Салюты на той стороне — страница 7 из 36

Ешь, милая. И папе скажи, что очень вкусно было. Обязательно скажи.

И я говорила папе, а он щурился, на маму злился. Хотел, чтобы и она попробовала, чтобы ничего не понимала.

Не понимала, но чувствовала, что у мамы что-то плохое с «Ласточкой» связано, что-то, о чем никогда не скажет.

Но я догадалась – лет, наверное, в одиннадцать, когда папа уже ушел.

У «Ласточки» из кармана Крота прежний вкус – кремовый, нежный, с разгорающимся апельсином.

Но тогда не было ничего, ничего страшного не произошло: Витька Бритый постоял так немного, а потом вдруг надел штаны, сполоснул руки под краном и ушел. А я осталась стоять, вжавшись в стенку. И глупо, но странным показалось, что руки мыть стал, – ведь ничего же не трогал, только себя. Значит ли это, что и он себя считает нечистым, заразным?

Почему-то не думала, что и у Крота вся эта физиология, все белое, а потом кровавое. Может, потому, что он мой ровесник. Может, у него ничего такого нет, а только конфеты «Ласточка» в карманах и Брэдбери на тумбочке.

Все просила прочитать, уж больно понравился маленький рассказ «Каникулы», что нам по внеклассному задавали, но Крот засомневался, пойму ли. Да я, если хочешь знать!.. И стала вспоминать что-то сложное, хорошее, чтобы удивить, пыль в глаза пустить. Но отчего-то вспоминался только Толкин, а ведь он Кроту ничем особенным не покажется, скажет что-то вроде: ага, я читал давно, еще в первом классе, хорошая книжка, но сейчас я другое люблю. И назовет фамилию автора, которую я никогда не слышала.

– Вкусно, спасибо.

– Держи еще, – и он достает вторую «Ласточку», смятую еще больше, плоскую почти.

– У тебя что – их килограмм?

– Вроде последняя.

И нужно отказаться, вежливо будет отказаться, но рука сама тянется, губы благодарят.

И тут мы перестаем разговаривать, потому что снова что-то гремит над Городом, и даже немного стекло звенит, не по-настоящему, а немного вибрирует, на грани ощущения.

Ближе, ближе.

• •

Через два дня овсяного киселя на завтрак стала кружиться голова. И когда встаешь, кружится. И когда сидишь – мерзкое чувство, словно совсем-совсем не хочется вставать, а хочется только долго оставаться в кровати, не шевелиться. Ленка все еще красится, но реснички иголкой не разделяет, стала меньше думать о лице, о колечках.

– И вот хочется тебе красоткой ходить. Ведь ничего не будет, никакой дискотеки.

– Так я разве из-за нее?

Она в платье. В голубом платье, с рукавами-фонариками.

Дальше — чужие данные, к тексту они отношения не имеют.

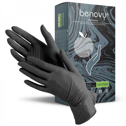Перчатки нитриловые Benovy, черные размер: S, 50 пар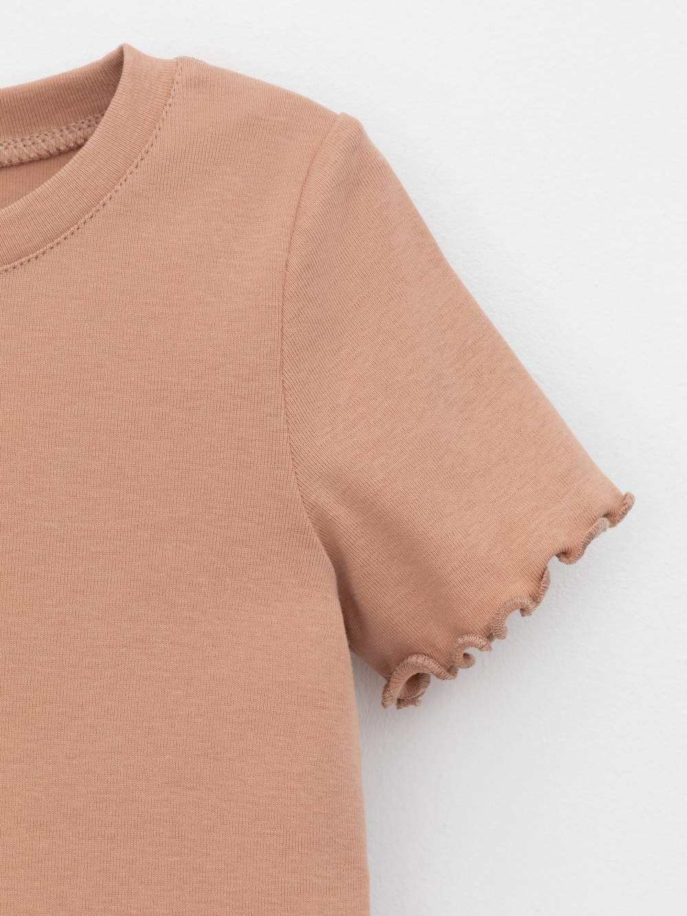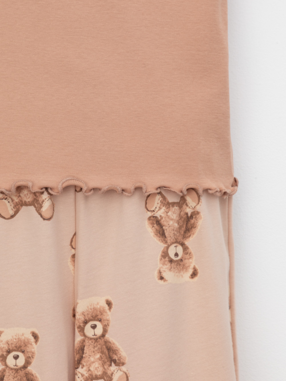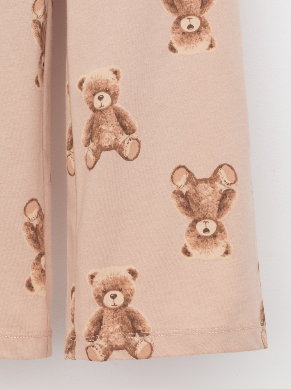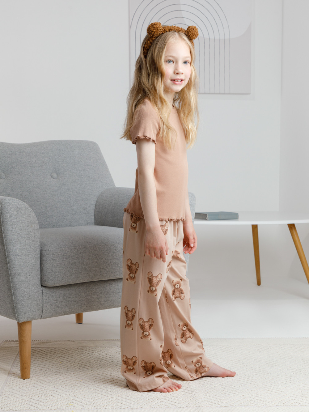 Трикотажная пижама из натурального хлопка. Футболка с короткими втачными рукавами изготовлена из эластичного трикотажа в рубчик. Брюки с эластичной резинкой в поясе выполнены из гладкого трикотажа супрем. Оригинальная набивка выполнена из стойких текстильных гипоаллергенных красителей. Изделие сохраняет цвет и форму после многократных стирок. Все трикотажные полотна производятся в соответствии с нормами швейцарского сертификата ЭкоТекс.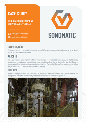 A Sonomatic realizou uma avaliação baseada em risco de 70 vasos de pressão de processo localizados nas instalações offshore do cliente no Mar do Norte.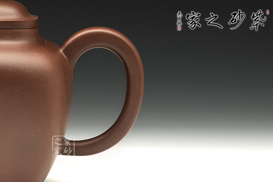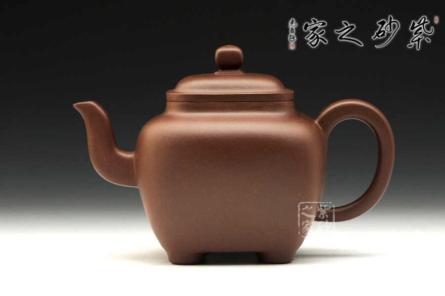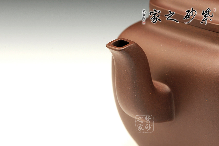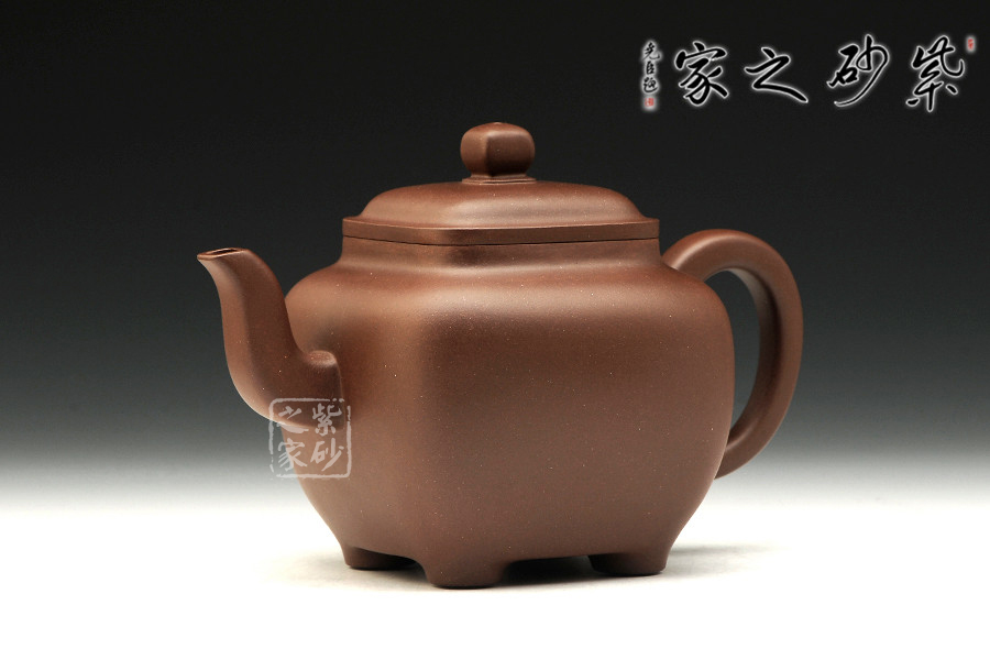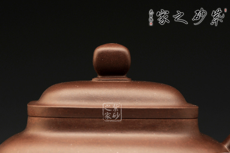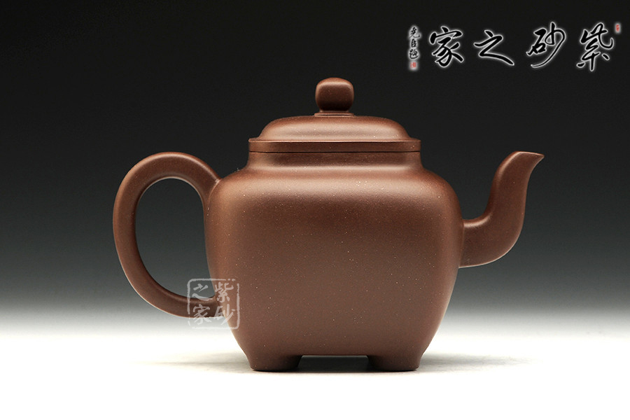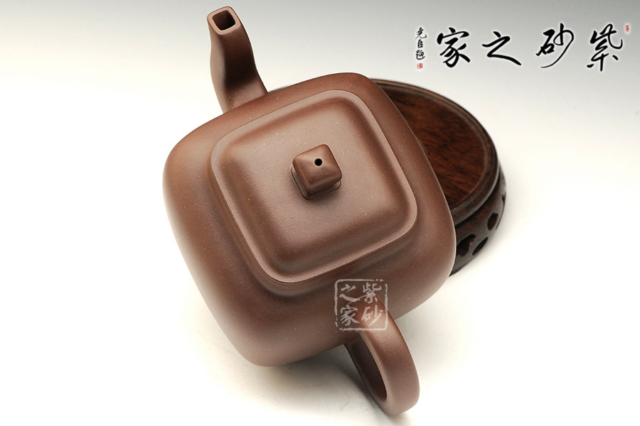 此壺壺面呈四方,鼓腹飽滿,棱角渾樸有致,三彎流式胥出,弧把昂揚(yáng),蓋呈方形圓角,唇邊厚實(shí),蓋面平弧微穹,中心鈕滴似如算珠,四足承平底。此壺器型方中有圓,圓中寓方,比例均勻,珠圓玉潤,如此技藝名至實(shí)歸。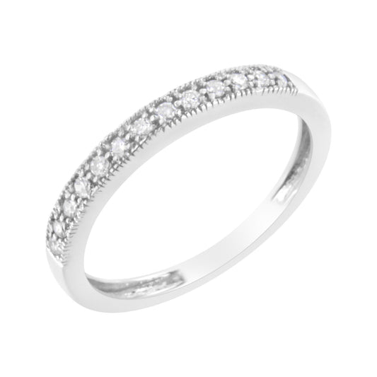 IGI Certified 1/7 Cttw Diamond 10K White Gold Prong Set Beaded Milgrain Band Style Ring (I-J Color, I2-I3 Clarity)
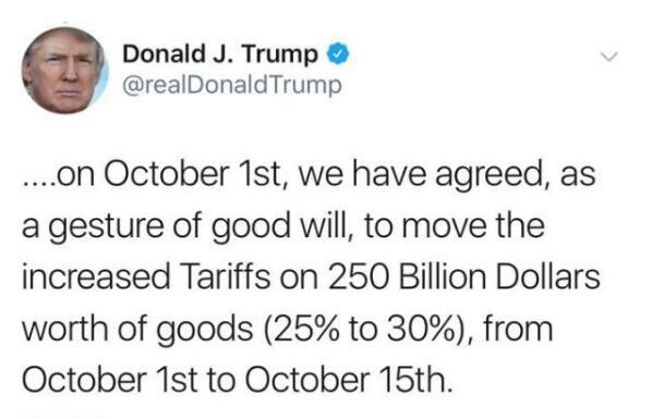 特朗普在推特上表示,應中國國務院副總理劉鶴的要求,以及鑒於中國將於10月1日慶祝成立70周年,美國已同意將針對價值2500億美元商品的加徵關稅稅率的上調(從25%調至30%)實行時間從10月1日改為10月15日,以示善意。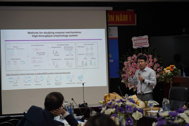 Tại hội thảo, các đại biểu đã nghe 5 báo cáo về các vấn đề: Tìm kiếm enzyme mới từ vi nấm ưa điều kiện khắc nghiệt (PGS.TS. Vũ Nguyên Thành, Viện Công nghiệp thực phẩm, Bộ Công thương trình bày), Giải trình tự gen thế hệ mới trong nghiên cứu phân tử một số bệnh hiếm gặp tại Viện Nghiên cứu hệ gen (GS.TS. Nguyễn Huy Hoàng, Viện Nghiên cứu hệ gen trình bày), High-throughput assays for miRNA biogenesis enzyme mechanisms (PGS.TS. Nguyễn Tuấn Anh, Đại học Khoa học và Công nghệ Hong Kong trình bày), Hệ thống biểu hiện protein tái tổ hợp trong Bacillus subtilis và tiềm năng ứng dụng (PGS.TS. Nguyễn Đức Hoàng, Trường ĐHKHTN, ĐHQG TPHCM trình bày), Một số kết quả phân tích hệ gen và kiểu hình đặc trưng của nguồn gen vi sinh vật Việt Nam (PGS.TS. Phí Quyết Tiến, Viện Công nghệ Sinh học, Viện Hàn lâm Khoa học và Công nghệ Việt Nam trình bày). Sau phần trình bày của các báo cáo viên, các đại biểu đặt câu hỏi, trao đổi, thảo luận để làm rõ một số vấn đề liên quan.

– Надо бы погладить, а то как из жопы…

– Делать тебе нечего.

Отмахивается, смотрит в зеркало – снова первая, мне никакого отражения не достается.

– Ладно, шевелись, опаздываем же. Орать будут.

– Теперь почему-то Алевтина одна…

– Ну тем более орать будет. Как она твой телефон грохнула…

Ленка вздыхает, вытирает пальцем красное с зубов.

На процедурах отчего-то не вижу Крота – ни в нашей группе нет, ни в другой, сосед его по палате молчит, пожимает плечами.

Смутный страх пощипывает сердце, хочется прижать ладонью, разгладить, успокоить. Ленке говорю – я скоро, смотри, чтобы не спалили, что меня нет. А куда… – она начинает, но меня нет. Бегу вниз, к подоконнику, наверное, он вышел посидеть, у него иногда бывает такое, когда не хочется никого видеть, но ведь я ни к кому не отношусь.

На подоконнике Крота нет, и вдруг снова резко кружится голова. Сажусь на подоконник, замечаю – стекло пошло трещинками. Ночью гремело сильнее, из-за этого. Мелкая стеклянная пыль лежит на полу.

Слышно, как кто-то кашляет.

И тогда снизу поднимаются они, все понимаю.

Первым идет Юбка, сразу же встает чуть дальше, к закрытой двери на второй этаж.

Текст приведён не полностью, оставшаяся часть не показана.